Unfortunately, there is a lot of confusion about routine state hiring practices and misinformation being spread about the posting for the Office of Dyslexia and Reading Disabilities Bureau Chief, which is intentionally misrepresenting the intentions of the Department, and quite frankly, calling into question our ability to effectively implement the law. When the job was originally posted, the advocates made four complaints (copied below), three of which were plainly not actually required by the law.
“…the posting is void of legislative requirements that speak to:
- The Mission of the Office
- Responsibilities of the Office
- Minimum required qualifications of the Chief in higher education, dyslexia & structured literacy.
- In addition: the posting includes/creates supplemental specialized requirements that are not aligned with the legislation and Mission of the Office (requires superintendent/intermediate administrator certification).”

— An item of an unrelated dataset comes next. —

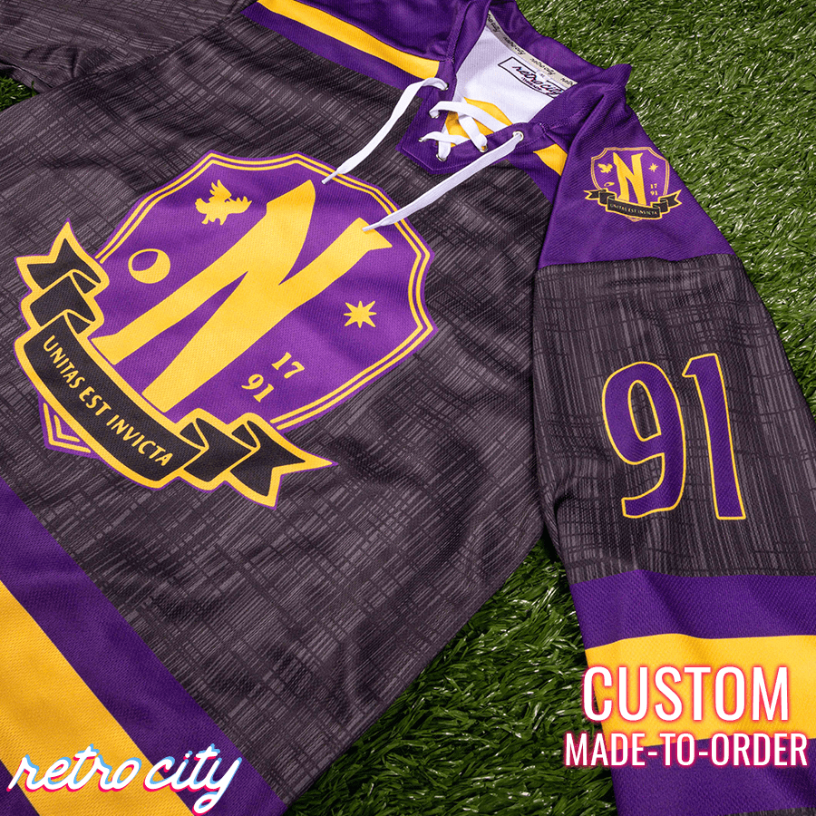 This custom lace-up hockey sweater is perfect for all Nevermore Academy fans (and students)!

First, we do not believe the mission of the office, or the responsibilities of the office need to be expressly outlined in detail in a job post, and there is nothing in legislation that calls for that. As for the requirement for an 092/093 certification as addressed in number four, that is a decision within the purview of the agency and is consistent with CSDE managerial postings of Bureau Chief and higher positions within the Department whether as a minimum requirement or a preferred requirement.

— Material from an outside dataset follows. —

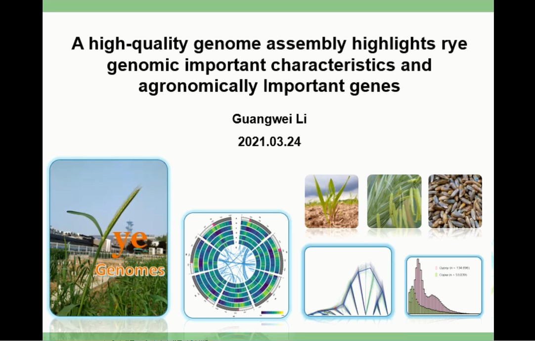 河南農(nóng)業(yè)大學(xué)李廣偉博士系統(tǒng)解析了黑麥的演化歷史,展示了黑麥的分類起源和世界遺傳資源分布,并表示黑麥作為全球麥類基因資源具有重要的研究意義。通過中國栽培種“威寧黑麥”基因組的高質(zhì)量精細物理圖譜的構(gòu)建,展示了其復(fù)雜的基因組特征、復(fù)雜的染色體變異以及淀粉合成、儲存蛋白、抽穗期及馴化等相關(guān)基因的詳細機制。最后李廣偉博士表示威寧黑麥基因組的破譯對深化比較谷類基因組研究,加速黑麥及相關(guān)谷類作物的遺傳改良具有重要價值。

Given the legislated scope of the Office of Dyslexia and Reading Disabilities, and the intersectionality with educator certification, educator preparation, special education, and professional learning, the Department believes the 092/093 requirement is appropriate for the role and will remain in place.
In terms of addressing the need for experience in dyslexia and structured literacy, our original perspective was that the specific certification requirements we asked for implied that qualified candidates would have coursework and knowledge in dyslexia, remedial reading, and structured literacy. However, that apparently was not clear to the advocates. Furthermore, it was our intent that the preferred qualification for experience working at the managerial level or supervisory level in an Educator Prep Program would have covered the need for higher education experience. However after it became obvious that too was unclear to the advocates, the Department decided to pull the post and add the following specific requirements. Copied below you will see the first three bullets as they appear under “preferred qualifications”:
- Experience working within PK-12 or higher education in the areas of integrated early childhood, comprehensive special education, remedial reading including but not limited to dyslexia and structured literacy.

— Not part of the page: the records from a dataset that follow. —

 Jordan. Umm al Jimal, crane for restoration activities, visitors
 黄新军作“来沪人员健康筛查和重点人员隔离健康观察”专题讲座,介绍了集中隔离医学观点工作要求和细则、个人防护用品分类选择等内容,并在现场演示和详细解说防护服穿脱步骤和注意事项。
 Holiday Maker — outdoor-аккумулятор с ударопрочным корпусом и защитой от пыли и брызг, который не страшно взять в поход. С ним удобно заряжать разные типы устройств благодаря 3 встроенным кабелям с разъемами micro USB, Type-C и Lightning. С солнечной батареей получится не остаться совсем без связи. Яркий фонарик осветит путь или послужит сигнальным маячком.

- Experience within higher education, specifically an SBE approved Educator Preparation Program (EPP), in the areas of integrated early childhood, comprehensive special education and/or remedial reading.
- Experience and background knowledge in the assessment and diagnosis of reading disabilities, including but not limited to dyslexia.
These bullets clearly state that experience in dyslexia, structured literacy and higher education are needed. While these qualifications are not listed under “minimum qualifications,” when you are evaluating a candidate’s qualifications for a state job posting, it is the “preferred experience” section that is used to help filter out applicants who do not meet the job requirements.
Once the Department has all of the applications, we will do a series of questions based on the “preferred experience” to ensure that the final candidates possess the experience required. The CSDE assures our partners that we are committed to getting the most qualified person to fill this important role and guarantees everyone that the individual chosen will have experience in dyslexia, structured literacy, and higher education as outlined in the legislation.
An addendum: There is much work that has to happen behind the scenes before a Department can create a new office and post positions on the Department of Administrative Services (DAS) Jobs Portal, including drafting a workplan for the office, drafting job postings for the various positions and acquiring approvals from our HR and Affirmative Action offices, as well as from DAS and Office of Policy and Management (OPM). Having said that, within the timeline of rolling out this new office, we went above and beyond our requirements and granted legislators opportunities to meet one-on-one with CSDE staff to provide feedback and comprehensively discuss the structure and mission of this new office. While feedback remains incredibly important to the process of designing a new office, it adds to the timeline. We remain confident that because of these discussions, we will have a better end product.